I thought about using the second limitation (subscription calendars not showing up on the iPhone) to work around the first (no way to set up a calendar with reminders that only appear on your Mac). My idea was that I could create a calendar online using, say, Google Calendar or Backpack, subscribe to the ICS feed for that calendar in iCal on my Mac, and, since subscribed-to calendars don’t sync to MobileMe, I could use that calendar for any reminders I only want to see on my Mac. But, alas, I haven’t been able to figure out a way to do this — it doesn’t seem like events in subscribed-to calendars can trigger alarms in iCal. (If I’m wrong, please let me know.)
One obvious solution would be an iCal update that lets you specify on a per-calendar basis which calendars should be synced to MobileMe. I think on-by-default would be fine, but somehow you should be able to create a calendar in iCal that doesn’t sync to MobileMe. But given Apple’s traditional schedule for adding new features of any significance, it seems unlikely that an iCal update like this would appear before Snow Leopard.
This lack of syncing specificity also applies to Address Book contacts. With tethered iTunes syncing, you can choose to sync only specific groups in Address Book. With MobileMe, contact syncing, as with calendars, is all or nothing.
Whither the “digital hub”? Much has been made over the fact that iTunes long ago outgrew its name, but the role it plays is central to the success of both Apple’s digital media and handheld device businesses. No, syncing calendars and contacts and email accounts to an iPhone doesn’t have anything to do with “tunes”. But that which we call a rose by any other name would smell as sweet. iTunes serves an essential role, that of the hub — one obvious place to go to manage everything that syncs to your iPod or iPhone.

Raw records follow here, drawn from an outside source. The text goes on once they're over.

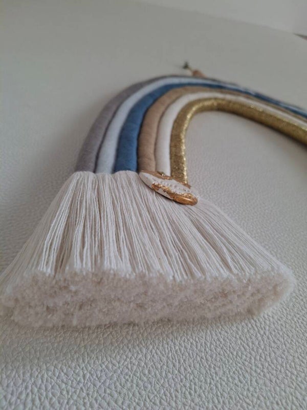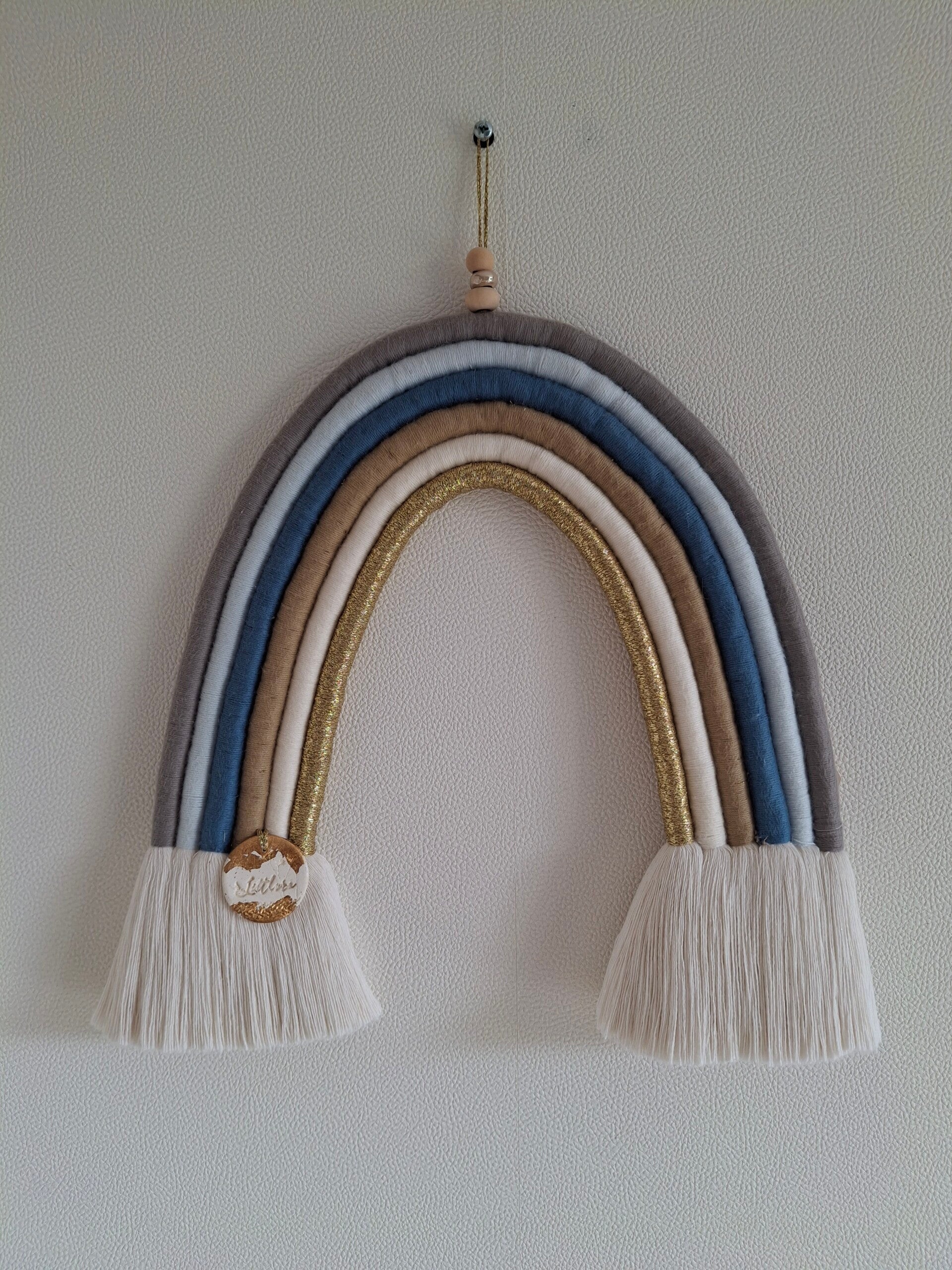 Arc-en-ciel en macramé – Grand modèle bleu, gris & doré
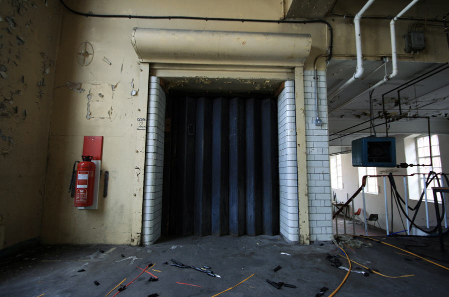 An accordion gate/door at the derelict Broadford Works...
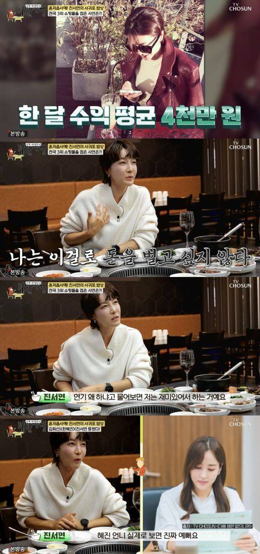 진서연은 “저는 괴롭진 않았다. 왜냐하면 내가 연기 아니면 재미를 느낄 만한 게 있을까 해서 대학교 때 쇼핑몰도 해보고 그랬다. 장사 진짜 잘됐다. 한 달에 4천만 원 벌었다. 되게 많이 벌었다”라고 밝혔다.
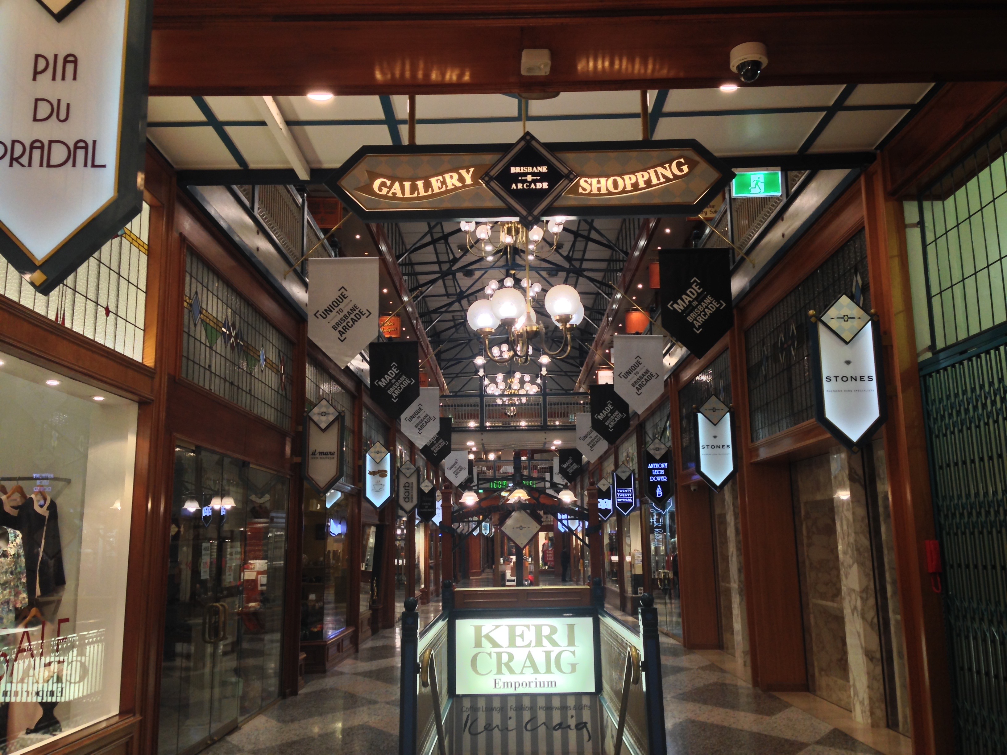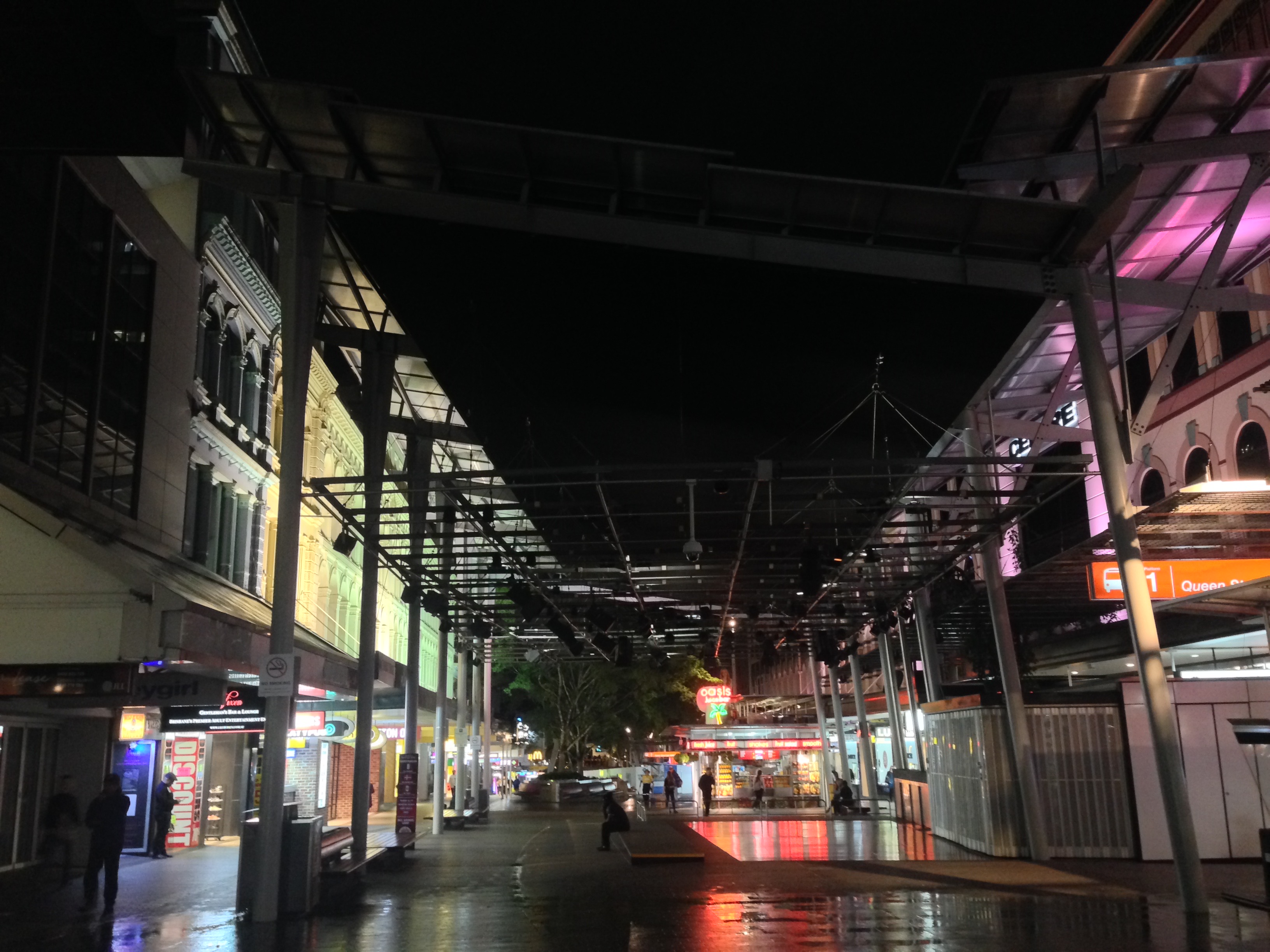 Then onto the Queen Street Mall, the heart of consumerism in Queensland. This is where the magic is supposed to happen: bright lights, architecture that relies much more on iron and glass than brick and mortar. Even on a Wednesday evening, in the middle of the week, this place is bustling with tourists and youngsters alike: everyone around me is laughing or staring at wonder at the colourful shops and darkened facades that come from all walks of history. There’s even a bit of Melbourne or Adelaide in this place: round the corner I find the historic Brisbane Arcade, a slim passageway exquisitely designed with shiny tiled floors and exposed pediments and balconies where you can see everything. Most of the shops are shut and everything is quiet, but it’s still drawing people to walk and stare.
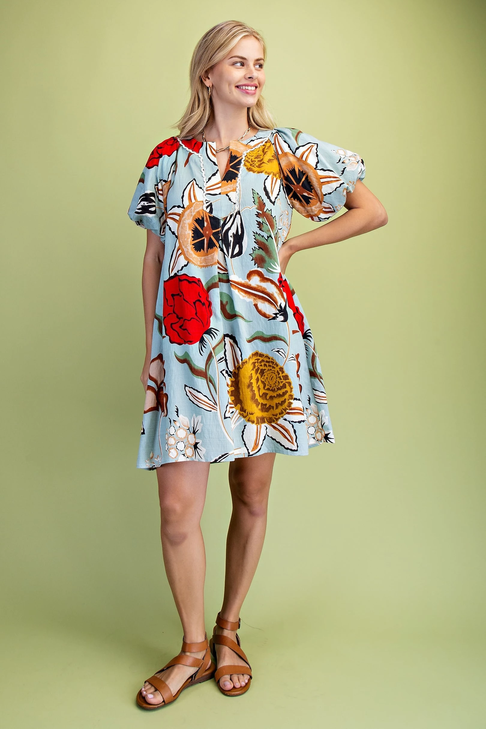 Floral Print Ruffled Neck Mini Dress with Contrasting Stripe Accents and Layered Ruffle Sleeves. The Skirt is Lined
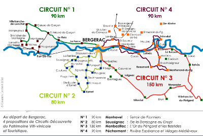 Le vignoble s’étend sur les collines qui bordent la Dordogne et regroupe plusieurs appellations reconnues :

The me.com MobileMe web site, perhaps, could serve as a hub. It does serve as the middleman for data — events and contacts never sync directly between your iPhone and computer — but as it stands today it offers no control over which calendars and contacts sync where. The MobileMe system preference pane could serve this purpose; right now, the only signficant change in this panel from its previous .Mac incarnation is the logo. Rather than a single checkbox for “Calendars”, it could offer one for each calendar. Or, perhaps the best option of all would be for iTunes to serve as the hub — one central place to manage all syncing, whether through USB or through the air.
But as it stands today, with MobileMe syncing, there is no hub.